▸ **Data records**
● ● ● ● ●

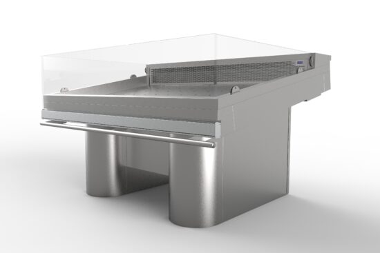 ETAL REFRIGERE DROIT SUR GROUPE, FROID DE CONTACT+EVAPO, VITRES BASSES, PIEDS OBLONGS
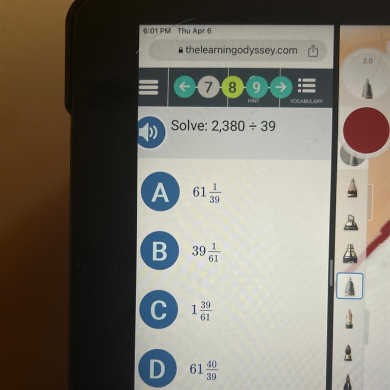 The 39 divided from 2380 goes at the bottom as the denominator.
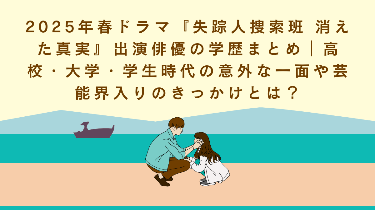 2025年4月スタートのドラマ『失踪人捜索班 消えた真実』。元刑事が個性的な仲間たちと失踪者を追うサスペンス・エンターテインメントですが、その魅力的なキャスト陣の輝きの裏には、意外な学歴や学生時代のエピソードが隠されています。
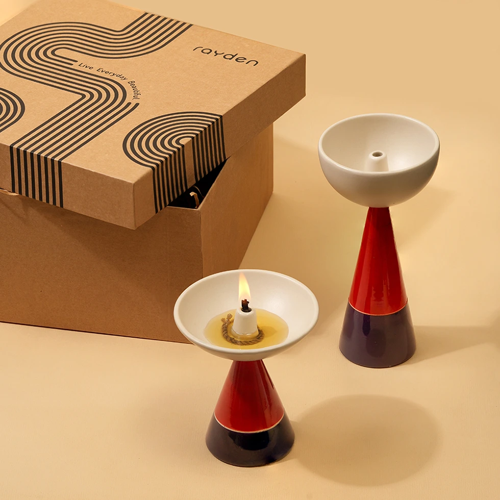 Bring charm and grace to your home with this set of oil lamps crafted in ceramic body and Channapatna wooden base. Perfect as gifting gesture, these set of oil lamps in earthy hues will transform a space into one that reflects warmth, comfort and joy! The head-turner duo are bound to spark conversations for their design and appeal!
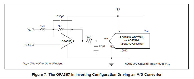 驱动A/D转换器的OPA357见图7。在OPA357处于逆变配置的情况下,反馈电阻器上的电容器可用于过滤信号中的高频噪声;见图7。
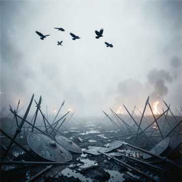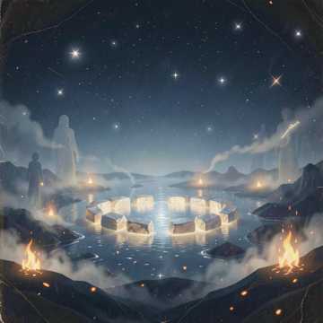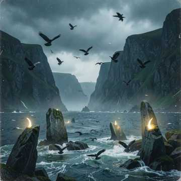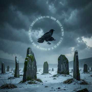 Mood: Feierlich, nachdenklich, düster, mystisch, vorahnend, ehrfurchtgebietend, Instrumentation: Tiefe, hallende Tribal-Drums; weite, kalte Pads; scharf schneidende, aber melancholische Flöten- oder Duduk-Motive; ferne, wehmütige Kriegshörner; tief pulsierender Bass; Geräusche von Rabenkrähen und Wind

● ● ● ● ●

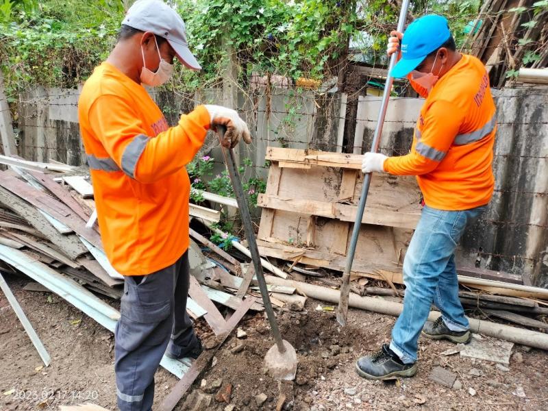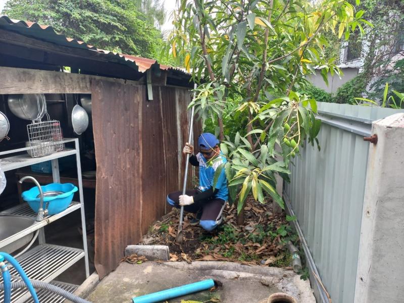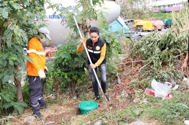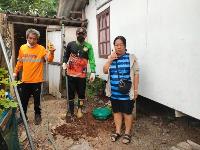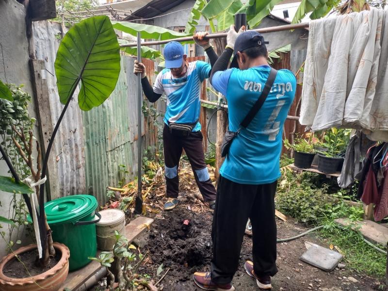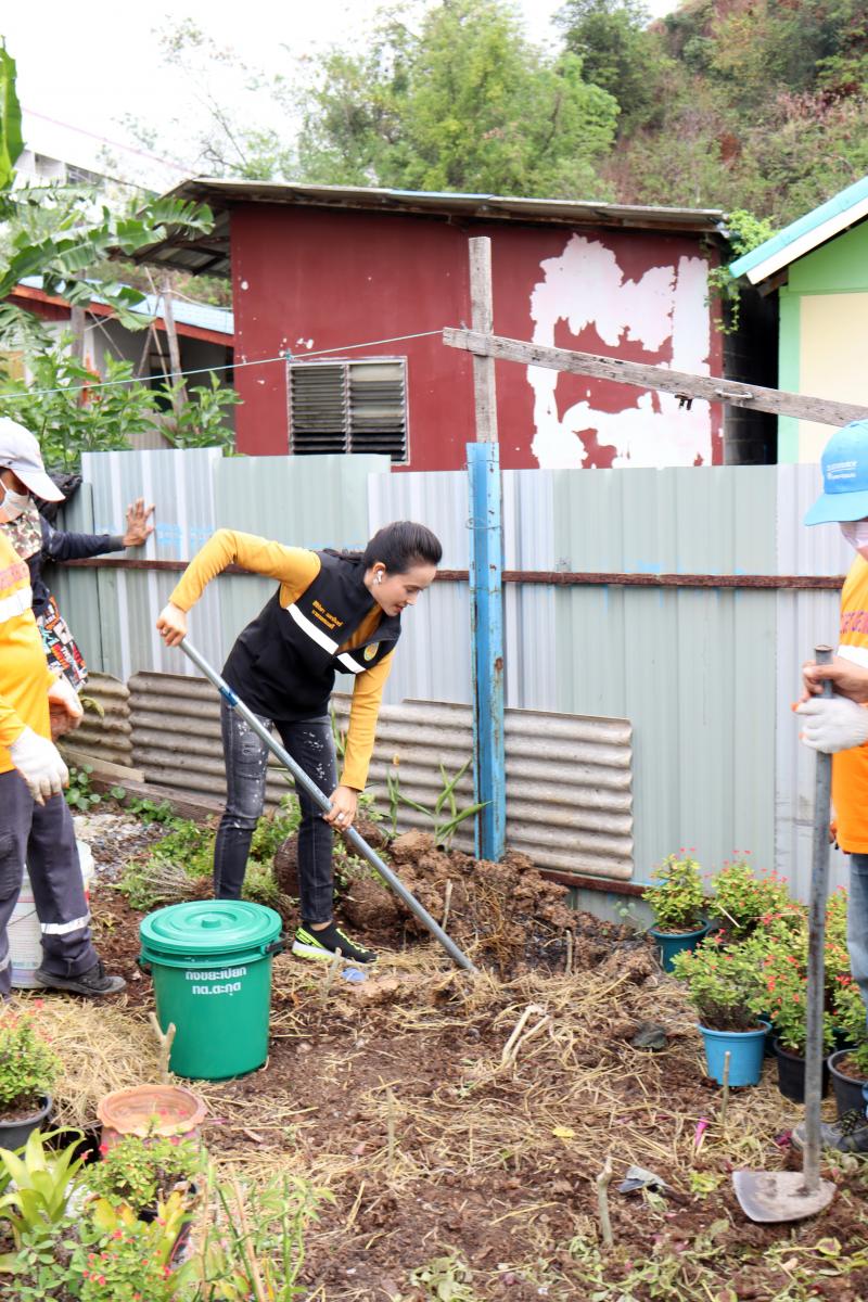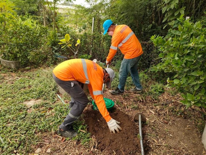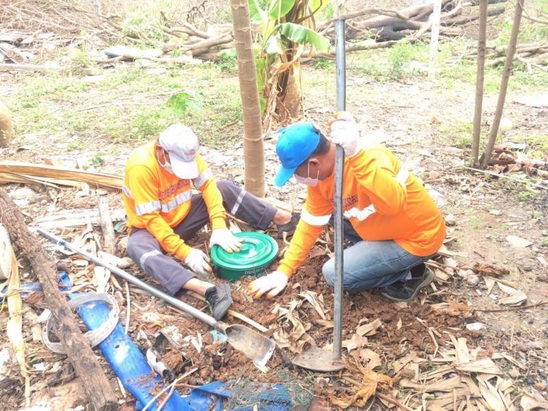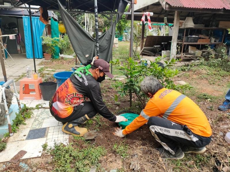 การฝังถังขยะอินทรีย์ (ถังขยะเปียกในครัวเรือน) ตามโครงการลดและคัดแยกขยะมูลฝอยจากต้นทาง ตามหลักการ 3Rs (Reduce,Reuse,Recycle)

● ● ● ● ●

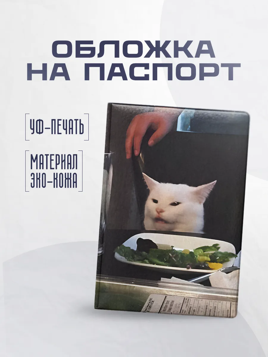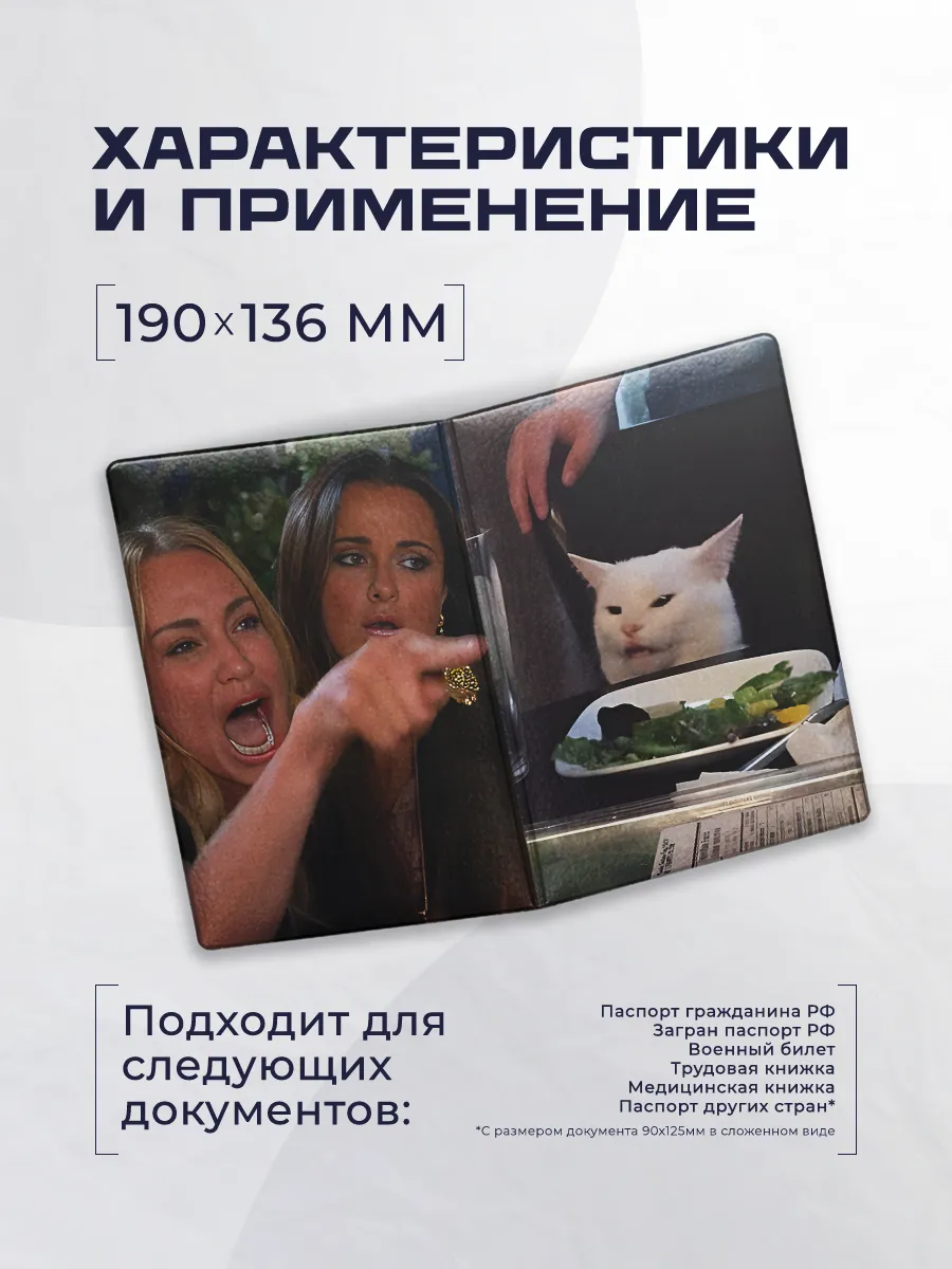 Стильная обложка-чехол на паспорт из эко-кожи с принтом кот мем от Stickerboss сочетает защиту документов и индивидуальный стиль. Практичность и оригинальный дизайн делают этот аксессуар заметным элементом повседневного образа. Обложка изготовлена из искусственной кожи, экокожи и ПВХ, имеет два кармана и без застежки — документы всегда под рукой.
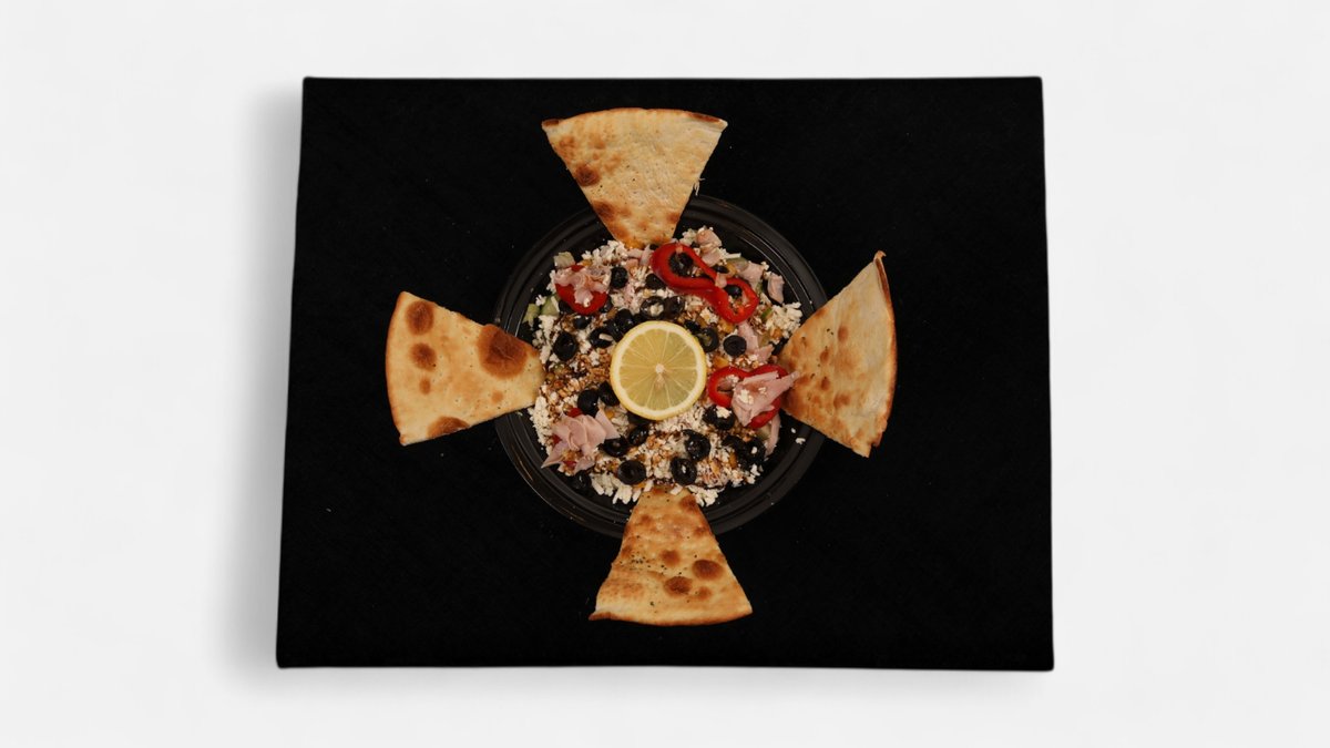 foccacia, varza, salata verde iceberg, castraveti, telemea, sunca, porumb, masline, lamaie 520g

● ● ● ● ●

▸ **What is needed**
Repeat, without pictures, exactly the lines of the data above from the one containing "Bring charm and" through the one containing "驱动A/D转换器的OPA35", including both and adding nothing.

▸ **Written response**
 Bring charm and grace to your home with this set of oil lamps crafted in ceramic body and Channapatna wooden base. Perfect as gifting gesture, these set of oil lamps in earthy hues will transform a space into one that reflects warmth, comfort and joy! The head-turner duo are bound to spark conversations for their design and appeal!
 驱动A/D转换器的OPA357见图7。在OPA357处于逆变配置的情况下,反馈电阻器上的电容器可用于过滤信号中的高频噪声;见图7。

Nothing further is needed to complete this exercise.